## The input
──────────
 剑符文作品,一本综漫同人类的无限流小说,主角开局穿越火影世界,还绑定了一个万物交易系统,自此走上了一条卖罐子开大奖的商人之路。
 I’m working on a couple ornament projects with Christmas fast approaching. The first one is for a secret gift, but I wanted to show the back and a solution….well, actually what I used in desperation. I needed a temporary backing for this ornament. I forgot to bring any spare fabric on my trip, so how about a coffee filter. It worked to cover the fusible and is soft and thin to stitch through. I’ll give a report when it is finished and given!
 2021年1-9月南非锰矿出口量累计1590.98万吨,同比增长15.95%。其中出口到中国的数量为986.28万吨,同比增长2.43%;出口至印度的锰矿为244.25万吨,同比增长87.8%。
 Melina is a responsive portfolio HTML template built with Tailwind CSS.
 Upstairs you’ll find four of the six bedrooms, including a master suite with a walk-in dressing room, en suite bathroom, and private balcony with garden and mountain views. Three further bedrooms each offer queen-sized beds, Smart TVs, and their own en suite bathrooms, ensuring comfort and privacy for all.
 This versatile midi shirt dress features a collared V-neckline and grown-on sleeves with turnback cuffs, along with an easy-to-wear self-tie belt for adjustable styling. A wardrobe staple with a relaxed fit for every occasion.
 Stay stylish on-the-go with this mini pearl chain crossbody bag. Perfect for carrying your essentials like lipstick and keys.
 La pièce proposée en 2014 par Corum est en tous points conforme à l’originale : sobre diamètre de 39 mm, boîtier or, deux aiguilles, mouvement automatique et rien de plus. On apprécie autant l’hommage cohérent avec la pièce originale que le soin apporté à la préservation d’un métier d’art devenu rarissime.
──────────
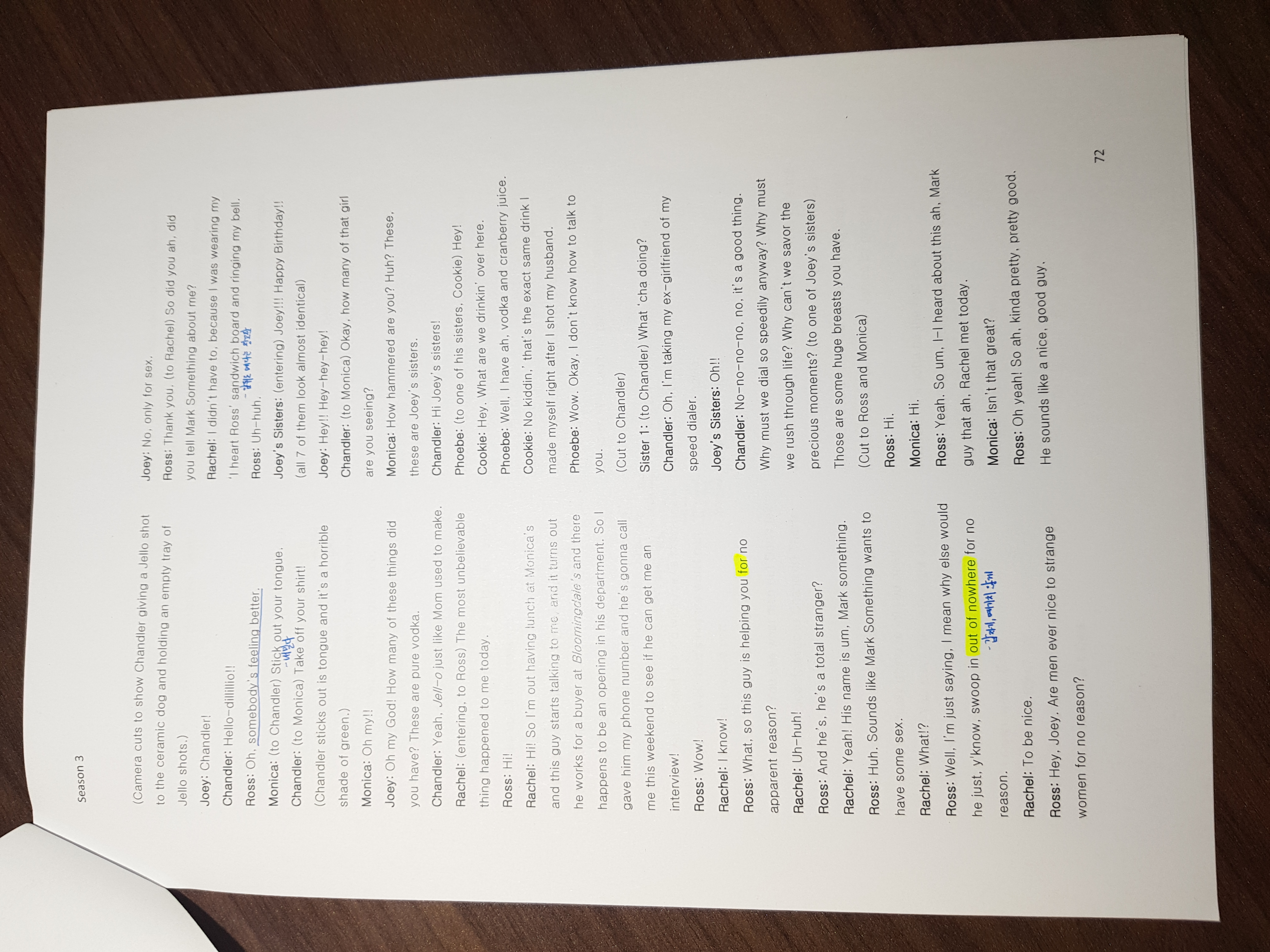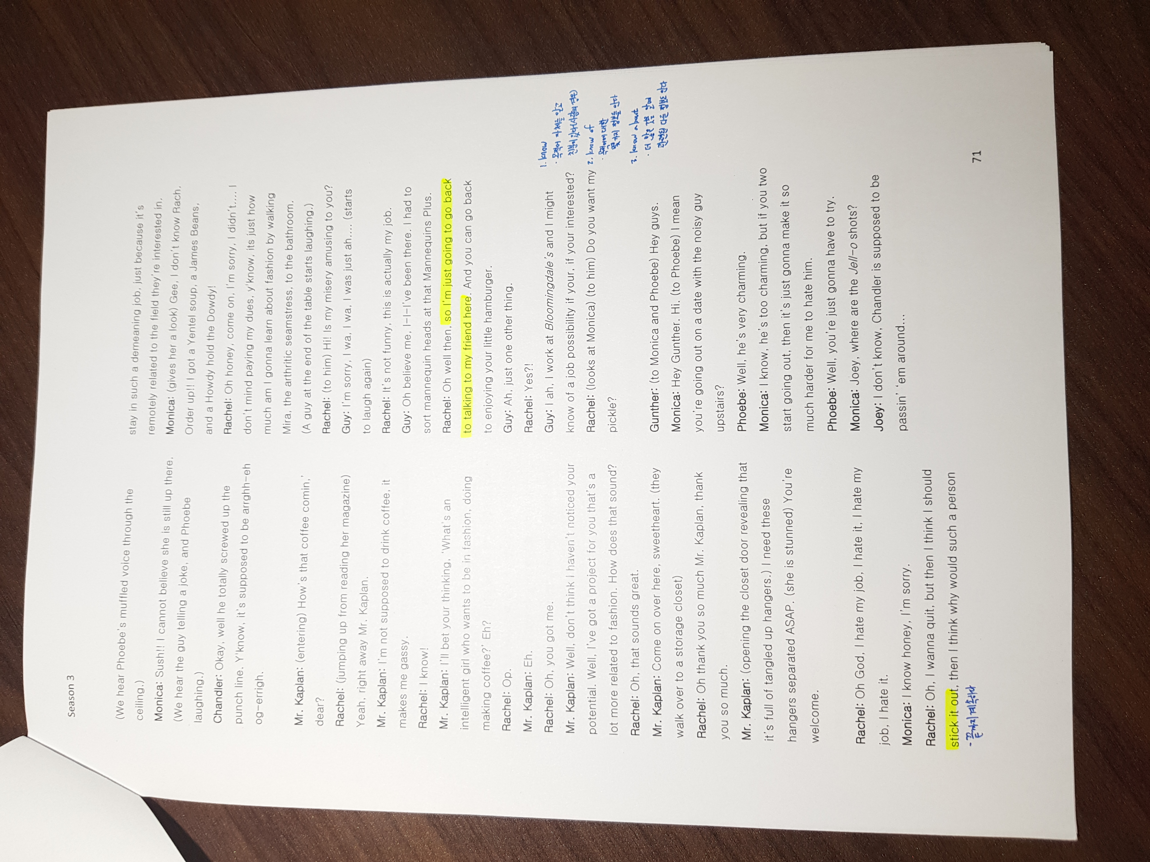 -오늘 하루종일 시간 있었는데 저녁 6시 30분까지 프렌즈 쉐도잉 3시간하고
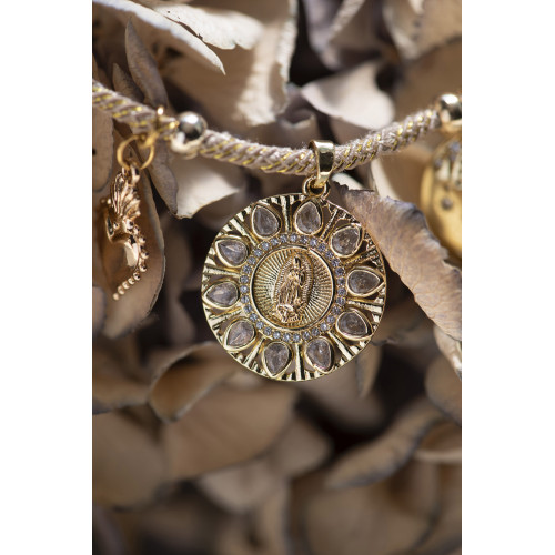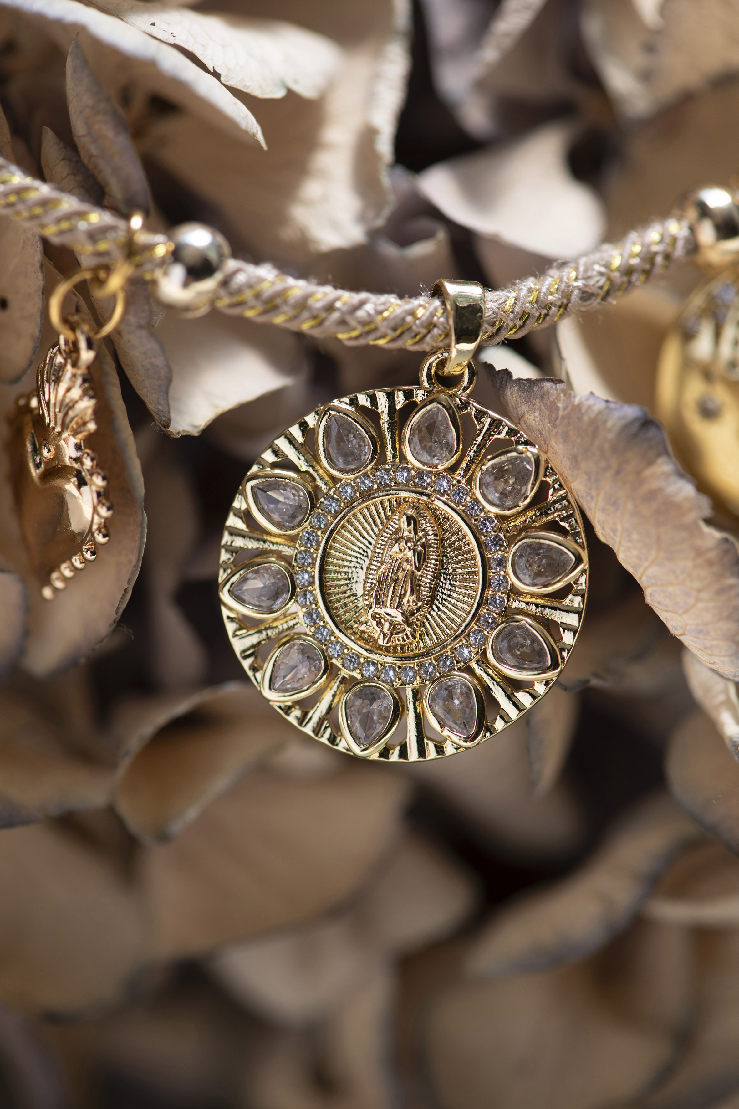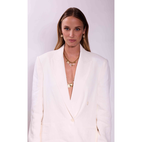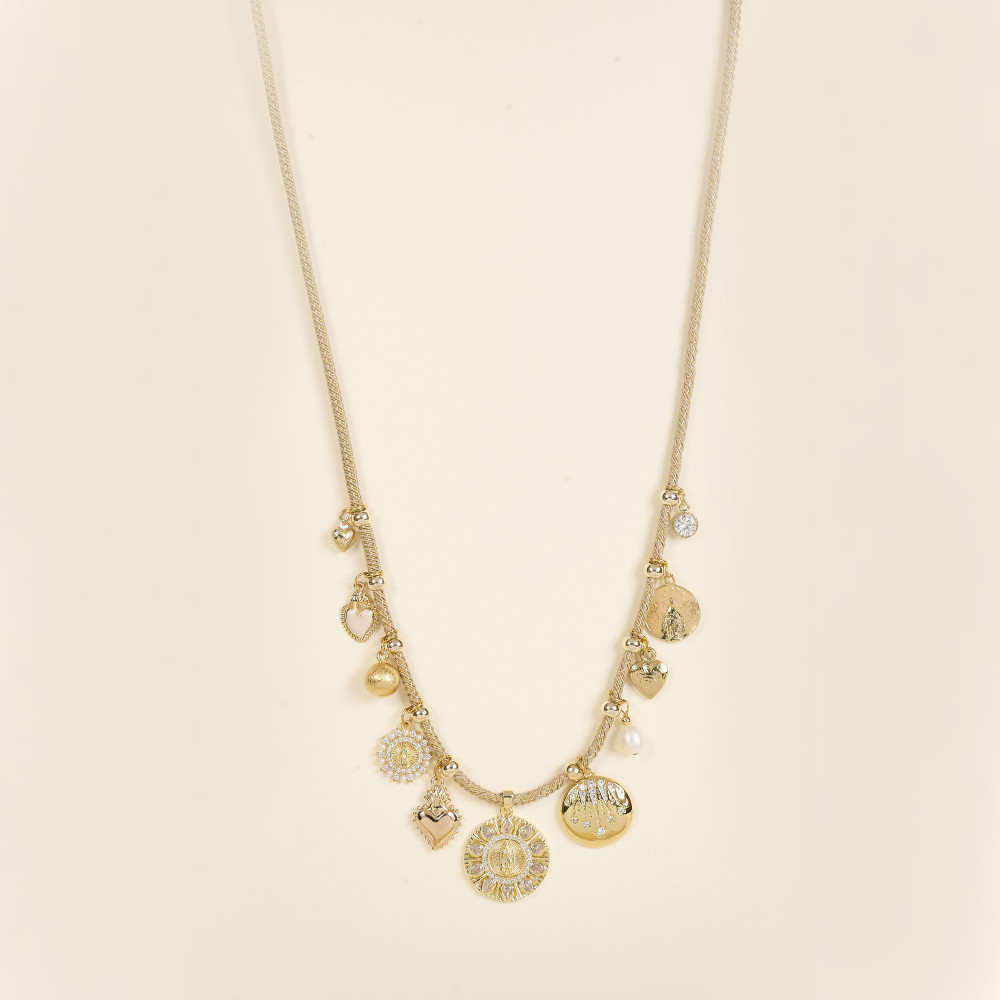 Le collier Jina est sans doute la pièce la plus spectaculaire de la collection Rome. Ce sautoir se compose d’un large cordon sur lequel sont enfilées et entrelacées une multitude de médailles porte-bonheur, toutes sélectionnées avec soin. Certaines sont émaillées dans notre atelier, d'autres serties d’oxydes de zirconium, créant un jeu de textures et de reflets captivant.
──────────
## Task description
A word-for-word copy of the lines above from the one with "剑符文作品,一本综漫同人类的" through the one with "La pièce proposée", inclusive, is the only output wanted.

## Answer to the problem
 剑符文作品,一本综漫同人类的无限流小说,主角开局穿越火影世界,还绑定了一个万物交易系统,自此走上了一条卖罐子开大奖的商人之路。
 I’m working on a couple ornament projects with Christmas fast approaching. The first one is for a secret gift, but I wanted to show the back and a solution….well, actually what I used in desperation. I needed a temporary backing for this ornament. I forgot to bring any spare fabric on my trip, so how about a coffee filter. It worked to cover the fusible and is soft and thin to stitch through. I’ll give a report when it is finished and given!
 2021年1-9月南非锰矿出口量累计1590.98万吨,同比增长15.95%。其中出口到中国的数量为986.28万吨,同比增长2.43%;出口至印度的锰矿为244.25万吨,同比增长87.8%。
 Melina is a responsive portfolio HTML template built with Tailwind CSS.
 Upstairs you’ll find four of the six bedrooms, including a master suite with a walk-in dressing room, en suite bathroom, and private balcony with garden and mountain views. Three further bedrooms each offer queen-sized beds, Smart TVs, and their own en suite bathrooms, ensuring comfort and privacy for all.
 This versatile midi shirt dress features a collared V-neckline and grown-on sleeves with turnback cuffs, along with an easy-to-wear self-tie belt for adjustable styling. A wardrobe staple with a relaxed fit for every occasion.
 Stay stylish on-the-go with this mini pearl chain crossbody bag. Perfect for carrying your essentials like lipstick and keys.
 La pièce proposée en 2014 par Corum est en tous points conforme à l’originale : sobre diamètre de 39 mm, boîtier or, deux aiguilles, mouvement automatique et rien de plus. On apprécie autant l’hommage cohérent avec la pièce originale que le soin apporté à la préservation d’un métier d’art devenu rarissime.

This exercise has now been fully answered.